John Marchette, also a member of the WASP group, used several microphones in the building, and as a result, the group recorded many electronic voice elements or EVPs.

Among them were an unexplained whistling from upstairs, unexplained male voices saying “help us” and “help us,” and an unexplained whisper of the word, “child” when no one was standing near the hearth in the enclosure.

When the crew was conducting a taping session around the stairs, Harmon tried to lure in any potential ghosts by showing and explaining that he had a Barber quarterback from 1894.

An unidentified voice picked up by a voice recorder was later found to reply, “gift?”

This year, the team is also equipped with a structured light camera (SLS) built by Amitaf Paranormal Tech, a member of WASP.

The device, the researchers say, generates a grid of invisible infrared radiation to map the object in front of it. People mapped with this tool appear on the computer monitor as stick figures as they appear in the field of view.

During a research session on the bottom stairs—known to be one of the hot spots for work at the Kiva Club—Harmon sat down. He tried to communicate with any spirits or people in the building. The SLS camera suddenly detected a stick on Harmon’s shoulder that appeared to be moving in the direction one of the investigators described as kicking Harmon in the head.
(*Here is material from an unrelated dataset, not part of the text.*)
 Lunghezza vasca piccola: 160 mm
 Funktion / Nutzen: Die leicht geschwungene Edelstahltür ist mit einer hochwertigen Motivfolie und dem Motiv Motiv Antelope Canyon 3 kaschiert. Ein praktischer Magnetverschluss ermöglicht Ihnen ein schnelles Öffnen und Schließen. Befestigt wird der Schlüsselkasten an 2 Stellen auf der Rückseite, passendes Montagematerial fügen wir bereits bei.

Harmon noted that he felt pain in his neck at the time.

After an unknown image appeared on the device for several seconds, it disappeared. The SLS camera did not pick up anything else of note for the rest of the evening.
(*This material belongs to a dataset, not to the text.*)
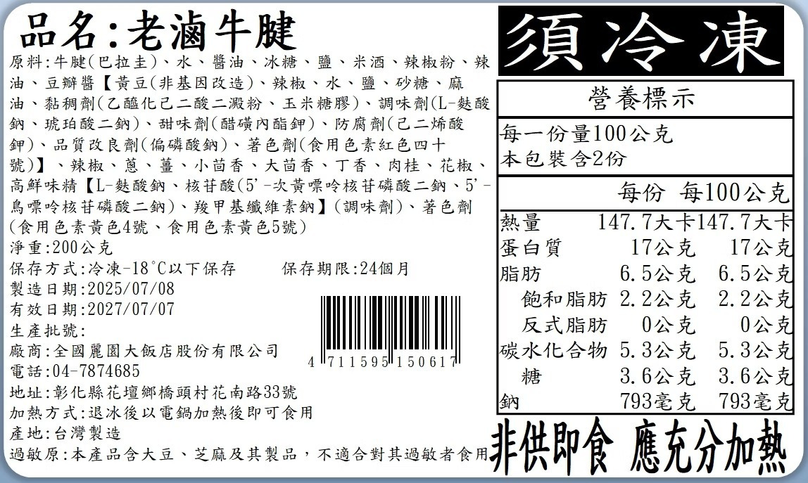 1.商品組合/規格:一入組 2.商品品名:老滷牛腱 3.商品重(容)量:200公克 4.食品添加物名稱:詳見包裝圖 5.原產地(國):台灣 6.製造廠商或國內負責廠商名稱:全國麗園大飯店股份有限公司 7.製造廠商或國內負責廠商地址:彰化縣花壇鄉花南路33號 8.製造廠商或國內負責廠商電話:04-7874685 9.食品業者登錄字號:N-154524145-00000-1 10.投保產品責任險字號:1842-24PR0000661 ※過敏原資訊:本產品含大豆、芝麻及其製品,不適合對其過敏者食用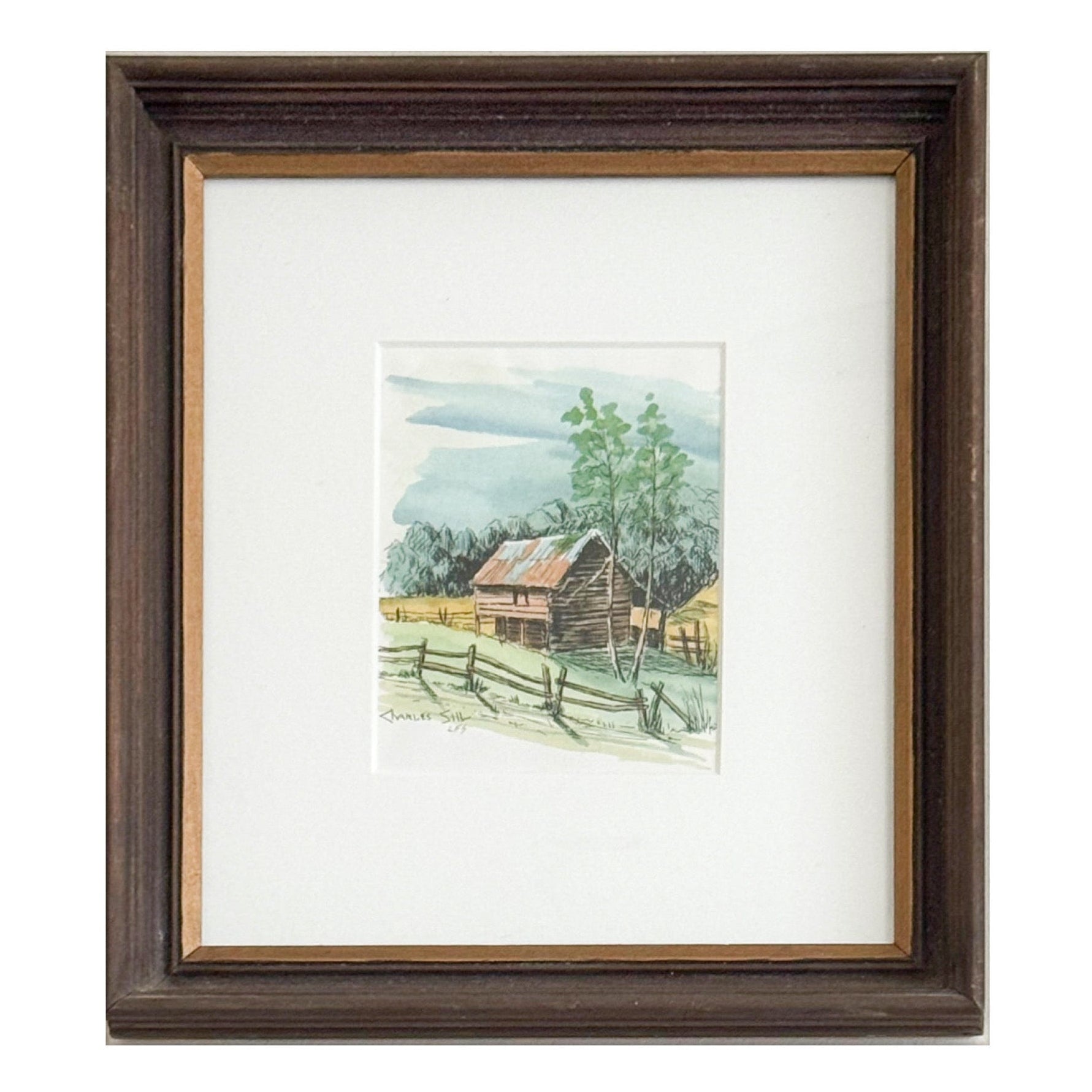 An original mixed media piece, signed in the lower left. Pen & ink with watercolor. Excellent vintage condition and newly framed & matted with UV protective glass. Frame is wood with a gold bevel. Measures 9.5 x 10.5 inches including the frame.

Harmon later admitted that it was an amazing testimony, but perhaps not the most compelling of the night.

Newhouse Hotel Research

KSL and the WASP gang move into the old Newhouse Hotel to see what can be noted there.

Expectations weren’t high because there wasn’t much of a familiar history within the building.

That caused what happened to shock all who were there.

At the top of the building under renovation, the researchers deployed a sensor-activated music box, a device that sounds an alarm and rapid temperature changes, and a smartphone-based communication device that can see and project voices that are said to be spoken anonymously. entities.

After a few minutes of silence, the investigators heard three mysterious knocks coming from the back of the building. They also noticed an unexplained pulley noise nearby. During that time – and despite nothing passing in front of it – the music box started playing.

WASP operatives who use equipment to detect paranormal activity. (KSL-TV’s Jay Hancock)

At first, it played out briefly as clever and obvious answers to questions.

“Are you happy to have people to talk to?” Harmon asked the room.

The music box started briefly.

“I’ll take that as a yes,” he said.

Black asked if there was one spirit in the room if he could pass in front of the instrument, and the music box played again briefly.

“Can you walk in front of it if there are many?” Black asked, referring to several spirits or entities.

Suddenly, the music box played again—this time continuously for 40 seconds.

“Can you move away from the weapon?” Black asked.

The music played for a few seconds and then stopped.

Black said, “thank you,” and the music box played again very briefly, apparently in appreciation.

Shortly after the music box went quiet, the temperature monitor suddenly began to repeatedly warn of changes.

After some responses on a phone-based communication device deemed unfriendly to anything in the room—including what sounded like a growl—the researchers decided it was time to leave.

Helper and Beyond

DeVincent was intrigued when he read about the extraordinary evidence recorded in both places.

He said he always approaches his restoration projects with great appreciation and respect for the properties’ histories and the people who came before him.

“I’ve always felt like I know why I’m here, I know what I’m doing, I’m trying to do the right thing,” DeVincent said.

He seemed unencumbered by any work or experience in old buildings.

“I try to stay focused on the positives, not let anything get in my way,” DeVincent said. “If dishes start flying around the room and stuff, yeah, well, I’m sure I’ll be singing a different song.”